The textured surfaces of rollers 3a and 3b partially penetrate the surface
of foam sheet 2 (see FIG. 5) at the same time that it is being compressed
by said rollers, thereby effecting surface cell fracture and facilitating
the escape of some of the gaseous material contained within the now
compressed internal cell structure of the foam sheet. The rupture of at
least a substantial portion of the compressed cells provides a maximum
reduction in the thickness of the foam sheet as it passes between the
rollers and prevents the sheet material from returning to its original
thickness after the applied pressure is removed. The degree of thickness
reduction imparted to the foam sheet in this step will depend upon several
factors, primarily the pressure applied between the nip rollers and the
amount of cell rupture, and these factors may be varied to achieve
end-product characteristics as desired.
Upon leaving rollers 3a and 3b the foam material 4, reduced in thickness
from that of foam sheet 2 and containing impressions of the surface
pattern of rollers 3a and 3b, may be passed between counter-rotating
smooth surface nip rollers 5a and 5b. Rollers 5a and 5b press against foam
4 with a predetermined force applied via a suitable load producing means 9
(see FIG. 2), further reducing the thickness of the foam material and also
reducing the depth and intensity of the impressions left by 3a and 3b
thereby restoring a desired degree of smoothness to the surface of the
foam sheet. The amount of additional thickness reduction achieved over the
initial compression step can be substantial and will depend primarily upon
the pressure applied between 5a and 5b.
The thinned, flexible, relatively smooth product 6, having a thickness
which is preferably in the range of 2 mils to 20 mils, is then wound on
take-up roll 17 for transport and storage. Alternately, product 6 may be
fed directly to appropriate subsequent process means where it is cut or
otherwise formed into a desired end product.

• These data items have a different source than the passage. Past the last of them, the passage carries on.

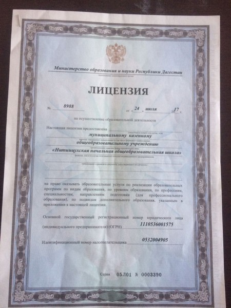 Полное наименование образовательной организации* Муниципальное казенное общеобразовательное учреждение "Нитиицухская Начальная Общеобразовательная Школа"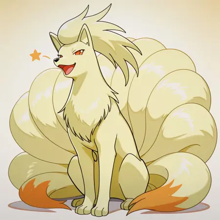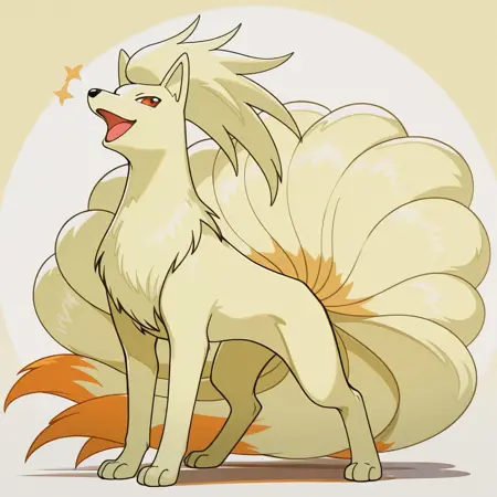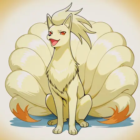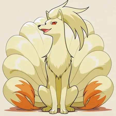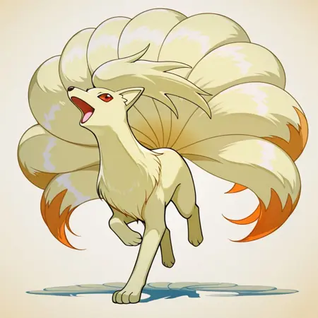 ninetales, pokemon (creature), light yellow fur, fox, nine tails, orange tail tips, quadruped, red eyes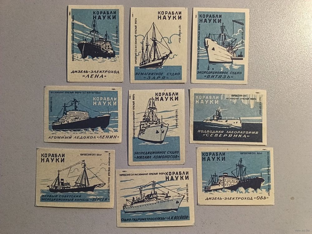 Спичечные этикетки Комбинат "Красный Якорь" (ф-ка "Белка").Корабли науки. ГОСТ 1820-56. 1959 год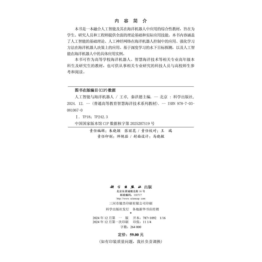 王卓 秦洪德 科学出版 现货正版 社 综合性教材 人工智能与海洋机器人 本书是一本融合人工智能及其在海洋机器人中应用 主编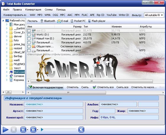 Total Audio Converter необходим для всех, кто хочет создавать собственные музыкальные коллекции. Теперь Вы сможете избавиться от лежащих повсюду аудио СD, конвертируя любой аудио файл в файл другого формата (WAV в MP3, или MP3 в OGG без создания промежуточного WAV файла), преобразовать канал (стерео в моно) или изменить поток и частоту. Даже если Вы просто хотите конвертировать MP3 в AAC, чтобы слушать музыку на мобильном телефоне, Total Audio Converter лучшее решение.

Load producing means 8 and 9 are shown as functioning with rollers 3a and
5a, respectively, and comprising a piston-like construction for
illustrative purposes only. They may be attached to any combination of
rollers and be of any construction which would accomplish the intended
functions as set forth in the preferred embodiments.
The pattern of protrusion, grooves, indentations, etc. used on the rollers
in the primary compression step may be of any design to accomplish the
desired amount of cell rupture. The drawings illustrate, as embodiments,
four sample patterns which may be used in the practice of this invention:
FIG. 1 shows a pattern of rectangular, screen-like protrusions; FIG. 3
shows a similar gridwork which is diagonally disposed on the roller; FIG.
4 shows a pattern of closely spaced needle-like protrusions; and FIG. 5
illustrates a series of closely spaced ridge-like structures. Other
patterns which may occur to one skilled in the art may be substituted for
those without departing from the spirit and scope of this invention.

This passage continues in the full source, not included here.